If the thirteen articles, carried by Mumbai’s Economic and Political Weekly in Nov 2002, and brought together in this book, were to be condensed in one question, a question never asked, it would be: “How did Pakistan, starting with formal independence, end up as a neo-colonial state?” The answer, in some ways, would be contained in the question itself.
The thirteen contributors included in the collection are from varied, but generally related, fields — social anthropologists, historians, experts on development, activist academics, political scientists, economists etc, all of them distinguished in their fields.
Hamza Alavi’s contribution on the social nature of the struggle for Pakistan and the developments in its early years defines the space in which the others’ works are placed. It conditions the theses which follow it.
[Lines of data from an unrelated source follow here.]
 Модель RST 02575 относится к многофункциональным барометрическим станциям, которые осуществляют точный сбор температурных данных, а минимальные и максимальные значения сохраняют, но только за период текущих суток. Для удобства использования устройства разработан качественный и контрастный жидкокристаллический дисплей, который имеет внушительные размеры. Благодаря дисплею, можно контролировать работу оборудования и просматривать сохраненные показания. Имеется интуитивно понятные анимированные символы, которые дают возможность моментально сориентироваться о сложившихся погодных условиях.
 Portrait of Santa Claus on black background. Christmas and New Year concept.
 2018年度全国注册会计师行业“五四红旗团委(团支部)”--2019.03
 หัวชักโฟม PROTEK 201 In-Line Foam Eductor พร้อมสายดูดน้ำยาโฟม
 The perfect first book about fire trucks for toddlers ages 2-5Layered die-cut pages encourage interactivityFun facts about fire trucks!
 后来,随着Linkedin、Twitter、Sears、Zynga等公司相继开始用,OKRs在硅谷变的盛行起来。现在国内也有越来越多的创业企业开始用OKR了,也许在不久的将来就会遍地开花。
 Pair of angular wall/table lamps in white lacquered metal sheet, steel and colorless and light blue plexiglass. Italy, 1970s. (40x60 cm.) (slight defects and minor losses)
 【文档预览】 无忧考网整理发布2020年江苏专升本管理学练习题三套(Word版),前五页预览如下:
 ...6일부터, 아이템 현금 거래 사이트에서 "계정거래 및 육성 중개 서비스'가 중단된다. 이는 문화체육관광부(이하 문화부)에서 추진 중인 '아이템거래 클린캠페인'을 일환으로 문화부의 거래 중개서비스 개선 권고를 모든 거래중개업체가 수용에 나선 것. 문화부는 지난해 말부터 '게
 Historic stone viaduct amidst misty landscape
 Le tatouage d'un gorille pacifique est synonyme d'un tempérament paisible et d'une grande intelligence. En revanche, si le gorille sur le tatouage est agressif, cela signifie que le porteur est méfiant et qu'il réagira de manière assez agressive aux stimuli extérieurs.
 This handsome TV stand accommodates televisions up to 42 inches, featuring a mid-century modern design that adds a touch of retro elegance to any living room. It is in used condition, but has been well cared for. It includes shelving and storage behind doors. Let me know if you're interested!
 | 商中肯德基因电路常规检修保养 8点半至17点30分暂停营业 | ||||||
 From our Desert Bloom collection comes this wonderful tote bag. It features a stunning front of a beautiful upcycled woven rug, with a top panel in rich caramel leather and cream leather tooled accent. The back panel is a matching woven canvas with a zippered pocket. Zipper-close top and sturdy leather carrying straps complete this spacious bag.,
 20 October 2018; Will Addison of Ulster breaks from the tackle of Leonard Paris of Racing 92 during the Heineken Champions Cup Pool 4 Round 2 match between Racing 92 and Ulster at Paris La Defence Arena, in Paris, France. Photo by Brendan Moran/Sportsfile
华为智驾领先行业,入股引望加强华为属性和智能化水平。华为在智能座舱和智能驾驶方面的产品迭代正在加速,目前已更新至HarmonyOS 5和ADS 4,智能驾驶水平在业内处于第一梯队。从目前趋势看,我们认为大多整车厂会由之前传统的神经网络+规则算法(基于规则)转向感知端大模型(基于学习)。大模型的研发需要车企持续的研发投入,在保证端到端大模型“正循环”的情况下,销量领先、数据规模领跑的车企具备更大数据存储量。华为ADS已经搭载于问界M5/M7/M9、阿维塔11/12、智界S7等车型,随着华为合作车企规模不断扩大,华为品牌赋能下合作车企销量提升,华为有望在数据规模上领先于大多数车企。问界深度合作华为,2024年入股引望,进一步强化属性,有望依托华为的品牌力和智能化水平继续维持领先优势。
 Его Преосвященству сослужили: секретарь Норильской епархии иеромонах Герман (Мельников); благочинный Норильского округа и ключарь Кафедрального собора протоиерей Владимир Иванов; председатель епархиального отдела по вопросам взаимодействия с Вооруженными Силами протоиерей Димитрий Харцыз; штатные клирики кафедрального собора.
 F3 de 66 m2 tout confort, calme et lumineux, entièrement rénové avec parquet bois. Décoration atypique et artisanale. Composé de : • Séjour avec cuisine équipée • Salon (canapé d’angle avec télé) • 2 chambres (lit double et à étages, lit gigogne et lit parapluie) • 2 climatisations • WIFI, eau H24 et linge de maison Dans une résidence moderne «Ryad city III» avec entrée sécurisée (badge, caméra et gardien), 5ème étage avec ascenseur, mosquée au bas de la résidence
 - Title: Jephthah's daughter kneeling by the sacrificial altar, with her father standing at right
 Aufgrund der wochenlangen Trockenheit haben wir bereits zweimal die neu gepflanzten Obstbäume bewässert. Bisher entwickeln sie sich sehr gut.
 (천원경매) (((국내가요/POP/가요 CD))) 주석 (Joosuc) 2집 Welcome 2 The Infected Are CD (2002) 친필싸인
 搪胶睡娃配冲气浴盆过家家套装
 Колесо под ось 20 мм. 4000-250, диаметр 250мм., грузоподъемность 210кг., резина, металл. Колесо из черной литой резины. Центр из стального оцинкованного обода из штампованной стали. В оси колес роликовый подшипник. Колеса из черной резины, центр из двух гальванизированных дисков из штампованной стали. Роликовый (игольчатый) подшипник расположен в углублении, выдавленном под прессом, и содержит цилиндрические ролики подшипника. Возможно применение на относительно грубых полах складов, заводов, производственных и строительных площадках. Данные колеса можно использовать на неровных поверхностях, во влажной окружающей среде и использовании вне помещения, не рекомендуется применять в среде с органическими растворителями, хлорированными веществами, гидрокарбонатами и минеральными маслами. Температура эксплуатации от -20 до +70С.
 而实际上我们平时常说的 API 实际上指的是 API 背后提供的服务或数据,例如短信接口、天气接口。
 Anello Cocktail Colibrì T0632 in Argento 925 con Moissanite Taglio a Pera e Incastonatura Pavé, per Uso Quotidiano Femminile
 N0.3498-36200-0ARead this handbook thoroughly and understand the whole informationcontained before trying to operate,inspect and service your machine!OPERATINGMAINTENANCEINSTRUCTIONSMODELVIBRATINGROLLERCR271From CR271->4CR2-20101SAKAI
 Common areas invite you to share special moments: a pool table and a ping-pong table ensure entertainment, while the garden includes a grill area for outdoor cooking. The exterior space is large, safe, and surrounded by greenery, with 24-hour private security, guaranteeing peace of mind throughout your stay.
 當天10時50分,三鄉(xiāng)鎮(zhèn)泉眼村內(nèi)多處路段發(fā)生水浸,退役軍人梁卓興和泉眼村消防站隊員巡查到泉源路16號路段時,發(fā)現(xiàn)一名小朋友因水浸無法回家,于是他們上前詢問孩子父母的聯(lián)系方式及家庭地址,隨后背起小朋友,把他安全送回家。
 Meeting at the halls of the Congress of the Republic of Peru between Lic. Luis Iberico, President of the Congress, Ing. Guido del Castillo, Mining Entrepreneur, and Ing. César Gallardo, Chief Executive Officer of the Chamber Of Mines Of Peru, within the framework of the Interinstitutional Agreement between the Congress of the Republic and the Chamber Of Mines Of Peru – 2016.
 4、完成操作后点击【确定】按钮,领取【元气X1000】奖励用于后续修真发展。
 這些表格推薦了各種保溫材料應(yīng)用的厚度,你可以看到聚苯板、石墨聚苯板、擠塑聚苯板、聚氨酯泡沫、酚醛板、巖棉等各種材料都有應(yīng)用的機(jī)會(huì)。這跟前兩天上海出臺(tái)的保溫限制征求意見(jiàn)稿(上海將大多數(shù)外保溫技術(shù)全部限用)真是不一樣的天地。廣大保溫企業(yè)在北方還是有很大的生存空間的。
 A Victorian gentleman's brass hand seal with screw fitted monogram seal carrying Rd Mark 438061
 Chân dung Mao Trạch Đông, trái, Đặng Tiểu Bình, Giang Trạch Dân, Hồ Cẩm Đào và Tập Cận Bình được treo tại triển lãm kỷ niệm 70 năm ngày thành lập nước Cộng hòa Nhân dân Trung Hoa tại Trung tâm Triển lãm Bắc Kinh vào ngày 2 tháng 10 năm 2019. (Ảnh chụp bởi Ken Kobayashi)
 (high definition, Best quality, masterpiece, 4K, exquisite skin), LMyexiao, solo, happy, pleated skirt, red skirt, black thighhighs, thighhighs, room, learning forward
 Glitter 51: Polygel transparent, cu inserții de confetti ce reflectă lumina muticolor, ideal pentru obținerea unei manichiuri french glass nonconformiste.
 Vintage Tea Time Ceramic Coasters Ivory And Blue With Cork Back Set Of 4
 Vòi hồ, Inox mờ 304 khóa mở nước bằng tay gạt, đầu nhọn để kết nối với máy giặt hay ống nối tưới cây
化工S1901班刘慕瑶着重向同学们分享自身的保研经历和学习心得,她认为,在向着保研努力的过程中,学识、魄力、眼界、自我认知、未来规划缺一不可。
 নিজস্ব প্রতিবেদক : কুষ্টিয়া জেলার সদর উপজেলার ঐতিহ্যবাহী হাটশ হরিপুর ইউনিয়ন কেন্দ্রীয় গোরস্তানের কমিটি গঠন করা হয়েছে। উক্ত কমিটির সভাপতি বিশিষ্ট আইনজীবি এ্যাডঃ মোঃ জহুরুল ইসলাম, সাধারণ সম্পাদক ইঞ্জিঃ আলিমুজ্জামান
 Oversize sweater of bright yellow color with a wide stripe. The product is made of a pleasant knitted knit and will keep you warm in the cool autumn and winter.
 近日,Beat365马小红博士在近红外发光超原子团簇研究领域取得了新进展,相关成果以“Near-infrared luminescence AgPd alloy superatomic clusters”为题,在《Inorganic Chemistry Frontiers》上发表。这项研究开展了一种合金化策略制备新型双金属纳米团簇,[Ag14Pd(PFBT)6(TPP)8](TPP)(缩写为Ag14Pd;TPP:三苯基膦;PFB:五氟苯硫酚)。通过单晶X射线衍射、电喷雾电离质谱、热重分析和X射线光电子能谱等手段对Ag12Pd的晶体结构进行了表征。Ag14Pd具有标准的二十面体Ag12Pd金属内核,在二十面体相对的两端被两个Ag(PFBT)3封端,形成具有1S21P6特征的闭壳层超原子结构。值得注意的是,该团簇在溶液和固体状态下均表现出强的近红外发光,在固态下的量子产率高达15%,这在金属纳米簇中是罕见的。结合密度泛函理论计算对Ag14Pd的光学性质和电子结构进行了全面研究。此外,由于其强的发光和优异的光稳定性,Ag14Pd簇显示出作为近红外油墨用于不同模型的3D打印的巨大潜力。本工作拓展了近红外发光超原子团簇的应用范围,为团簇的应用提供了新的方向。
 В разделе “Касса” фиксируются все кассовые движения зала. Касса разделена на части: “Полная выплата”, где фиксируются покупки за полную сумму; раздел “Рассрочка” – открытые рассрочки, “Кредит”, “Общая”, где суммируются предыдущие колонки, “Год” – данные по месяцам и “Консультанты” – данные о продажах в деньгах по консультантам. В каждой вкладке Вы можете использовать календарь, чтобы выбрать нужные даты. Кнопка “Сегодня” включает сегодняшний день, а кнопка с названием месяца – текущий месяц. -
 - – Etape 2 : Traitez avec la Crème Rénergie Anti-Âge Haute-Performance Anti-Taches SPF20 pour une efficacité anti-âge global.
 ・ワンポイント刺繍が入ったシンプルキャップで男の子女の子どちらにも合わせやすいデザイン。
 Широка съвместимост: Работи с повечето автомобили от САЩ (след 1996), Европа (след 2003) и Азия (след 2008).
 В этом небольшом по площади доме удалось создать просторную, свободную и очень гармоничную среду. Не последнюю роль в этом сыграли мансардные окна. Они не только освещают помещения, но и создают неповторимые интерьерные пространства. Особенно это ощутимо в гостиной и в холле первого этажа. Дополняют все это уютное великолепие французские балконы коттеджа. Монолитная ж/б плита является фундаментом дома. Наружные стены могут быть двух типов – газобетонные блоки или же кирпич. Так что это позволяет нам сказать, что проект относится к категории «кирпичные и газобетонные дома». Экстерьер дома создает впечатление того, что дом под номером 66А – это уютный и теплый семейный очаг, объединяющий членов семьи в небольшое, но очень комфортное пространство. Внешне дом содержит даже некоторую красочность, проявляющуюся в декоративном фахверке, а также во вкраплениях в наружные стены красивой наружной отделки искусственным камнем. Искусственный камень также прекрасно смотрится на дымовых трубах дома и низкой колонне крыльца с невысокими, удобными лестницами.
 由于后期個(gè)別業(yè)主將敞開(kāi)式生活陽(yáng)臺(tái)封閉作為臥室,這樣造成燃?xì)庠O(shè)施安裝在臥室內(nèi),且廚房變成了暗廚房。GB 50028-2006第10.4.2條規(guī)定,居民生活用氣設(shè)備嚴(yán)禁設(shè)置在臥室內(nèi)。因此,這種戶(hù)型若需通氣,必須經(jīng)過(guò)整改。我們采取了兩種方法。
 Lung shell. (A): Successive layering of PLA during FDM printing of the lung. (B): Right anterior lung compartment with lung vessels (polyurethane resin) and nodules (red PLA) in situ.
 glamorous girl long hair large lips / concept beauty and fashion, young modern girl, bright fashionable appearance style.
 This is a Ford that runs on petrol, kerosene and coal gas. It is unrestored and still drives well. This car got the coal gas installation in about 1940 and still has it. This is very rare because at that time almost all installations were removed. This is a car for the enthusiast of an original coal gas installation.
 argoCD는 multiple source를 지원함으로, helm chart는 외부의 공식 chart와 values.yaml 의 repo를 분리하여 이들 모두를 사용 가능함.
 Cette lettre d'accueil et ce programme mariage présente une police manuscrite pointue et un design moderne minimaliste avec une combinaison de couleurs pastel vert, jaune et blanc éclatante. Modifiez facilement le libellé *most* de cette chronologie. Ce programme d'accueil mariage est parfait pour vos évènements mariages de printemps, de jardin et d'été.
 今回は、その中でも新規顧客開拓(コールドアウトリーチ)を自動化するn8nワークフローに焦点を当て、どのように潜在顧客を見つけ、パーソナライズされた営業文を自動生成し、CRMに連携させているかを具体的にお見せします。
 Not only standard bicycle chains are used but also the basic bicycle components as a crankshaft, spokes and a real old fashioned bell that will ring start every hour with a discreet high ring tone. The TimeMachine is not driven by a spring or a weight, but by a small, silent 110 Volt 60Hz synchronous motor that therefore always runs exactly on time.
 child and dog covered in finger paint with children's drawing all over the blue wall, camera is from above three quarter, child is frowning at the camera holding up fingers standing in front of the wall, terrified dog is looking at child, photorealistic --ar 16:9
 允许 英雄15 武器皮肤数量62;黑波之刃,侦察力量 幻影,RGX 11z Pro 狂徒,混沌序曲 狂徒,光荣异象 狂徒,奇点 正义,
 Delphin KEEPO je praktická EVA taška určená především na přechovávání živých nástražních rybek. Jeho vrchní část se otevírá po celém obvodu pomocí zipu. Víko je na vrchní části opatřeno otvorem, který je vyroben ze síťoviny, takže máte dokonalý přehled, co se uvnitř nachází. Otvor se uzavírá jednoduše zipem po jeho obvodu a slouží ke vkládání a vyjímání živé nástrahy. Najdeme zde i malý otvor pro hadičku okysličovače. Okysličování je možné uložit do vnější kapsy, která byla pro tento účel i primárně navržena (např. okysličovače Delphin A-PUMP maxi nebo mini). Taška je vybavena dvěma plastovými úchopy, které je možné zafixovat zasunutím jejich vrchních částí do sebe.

He rejects the Congress propaganda that while, it was enlightened and secular, the Muslim League was obscurantist. Alavi says that the League’s politics was emphatically secular and remained so right until the fifties. It was Gandhi who brought religion and religious idiom into politics.
The Muslim League entered into the Lucknow Pact with Congress in 1916 in order to wage a combined struggle against the British. Their demands were similar and entirely secular. The divergence widened between them as the Congress revealed itself increasingly as a practically Hindu party. The break came in 1928 in Calculta when the Congress allowed the Mahasabha to reject the agreement the Congress and the Muslim League had already reached.
The situation changed radically in 1937 with the inception of the elected governments in the provinces. Now the centre of gravity of Muslim politics shifted from the minority to the Muslim majority provinces, mainly Punjab and Bengal. The Punjabi landed class, worried about its survival in the face of the Congress’ programme of land reforms, ultimately supported partition.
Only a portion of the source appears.